Ja już staram się takich nie pisać, bo to groch o ścianę. Nawet jak się coś takiego napisało wprost w odpowiednim miejscu na stronie MEN, efekt był żaden. Wobec tego na ostatniej konferencji w Radomiu, przyjąłem inną postawę, mając wrażenie, że na Alei Szucha czytają tylko same pochwalne teksty. Na warsztacie “Co dobrego można powiedzieć o nowej podstawie programowej” wychwalałem pod niebiosy, że zostawli jednak małą wzmiankę o kalkulatorach i multimediach.
Też pies z kulawą nogą tego nie zauważył.
Przyszło parę osób. Żadna z nich nie wiedziała co się dzieje, gdy na najprostszym kalkulatorze takim, co można dostać na straganie za 4 lub 5 złotych, wpisze się
liczbę znak działania drugą liczbę znak = i jeszcze raz znak = …!!!
np. jaki wynik dostanie się po wpisaniu
2 razy 3 = =
a jaki po wpisaniu
2 plus 3 = =
a jaki po wpisaniu
2 dziel przez 3 = =

No cóż, trzeba mieć trochę tego podejścia “Sherlocka Holmesa” żeby to zobaczyć, spostrzec, czy jak się to mówi odkryć, nie czekając, aż ktoś to nam wbije do głowy.
Ale zmienić swój styl działania jest bardzo trudno. Ten staroświecki, “odbierający” jeżeli się jest uczniem i podający, jeżeli się jest nauczycielem, jest tak wdrukowany w nasze głowy, że my sami w końcu tego nie zauważamy. Ja też się ciągle na tym łapię. Bo chodziłem jako chłopak do starej szkoły, przeszło pół wieku temu. Małe dzieci kalkulator zachęca do postawy Sherlocka Holmesa, na starszych działa jak bazyliszek… .

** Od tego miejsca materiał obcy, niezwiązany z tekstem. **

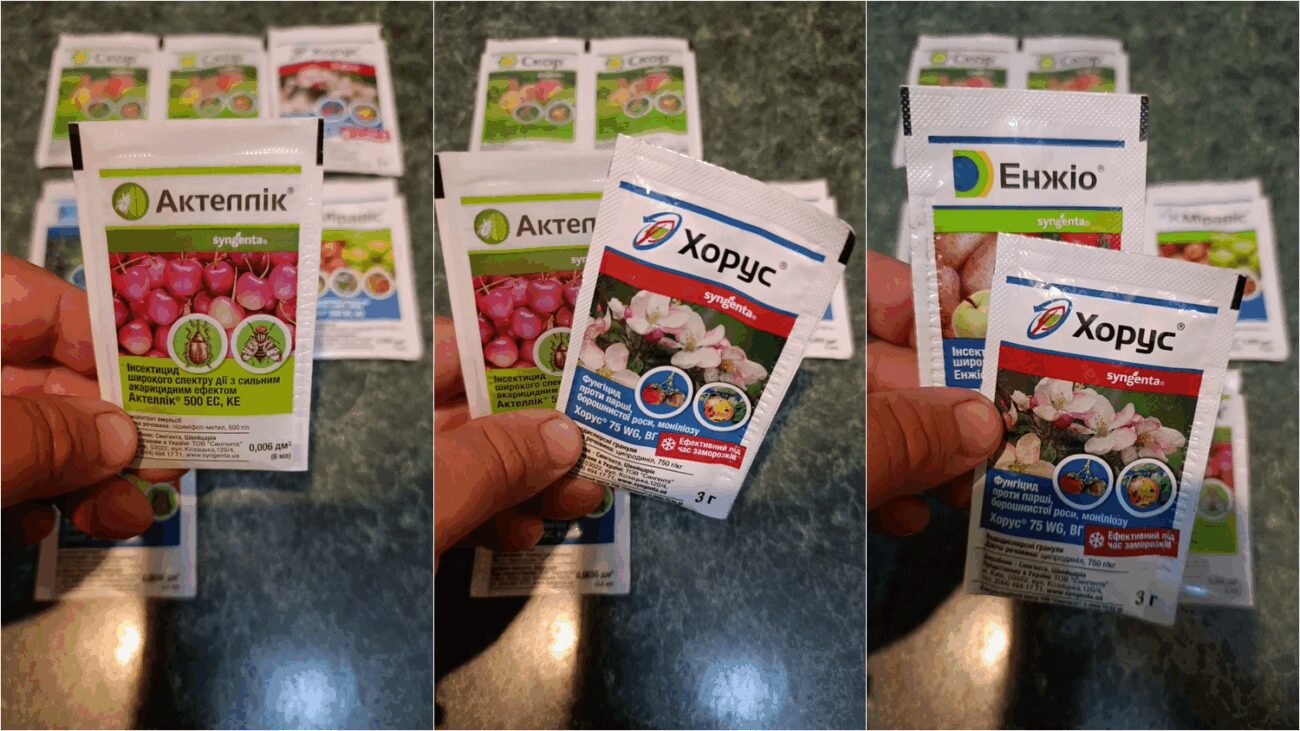 Тобто коли цвіт вже опав та почали формуватися зав’язі, починайте обробку. Але чим? Найкращим рішенням для цього є Актеллік. Так, не якісь народні рецепти, бо навіть якщо вони й спрацюють, то не так ефективно, як би того вам хотілося. Обприскувати дерева краще в суху та безвітряну погоду. Якщо буде дощ, тоді препарат змиється. А сильний вітер просто не дозволить нормально рівномірно обробляти дерева.

No to co? Może napiszesz jakąś dokładkę do NiMa o stylu “Sherlocka Holmesa” w uczeniu się matematyki. Skromny artykulik napisała kiedyś na ten temat Ewelina Szmigiel. Zajrzyj do NiMa 58.
W nagrodę dostaniesz podziękowanie, a ja osobiście w nagrodę mogę wysłać jakiś kolorowy lub czarno biały obrazek…
Więcej obiecać nie mogę.
(PS. jak tu nie wierzyć, że ta strona ma żywą duszę: słowo daję, napisałem “Alei Szucha” a niewidzialna ręka zmieniła mi to na “Alei Szycha” ! poprawiłem, ale co będzie jak kliknę “Wyślij” , znowu będzie “Szycha” ?)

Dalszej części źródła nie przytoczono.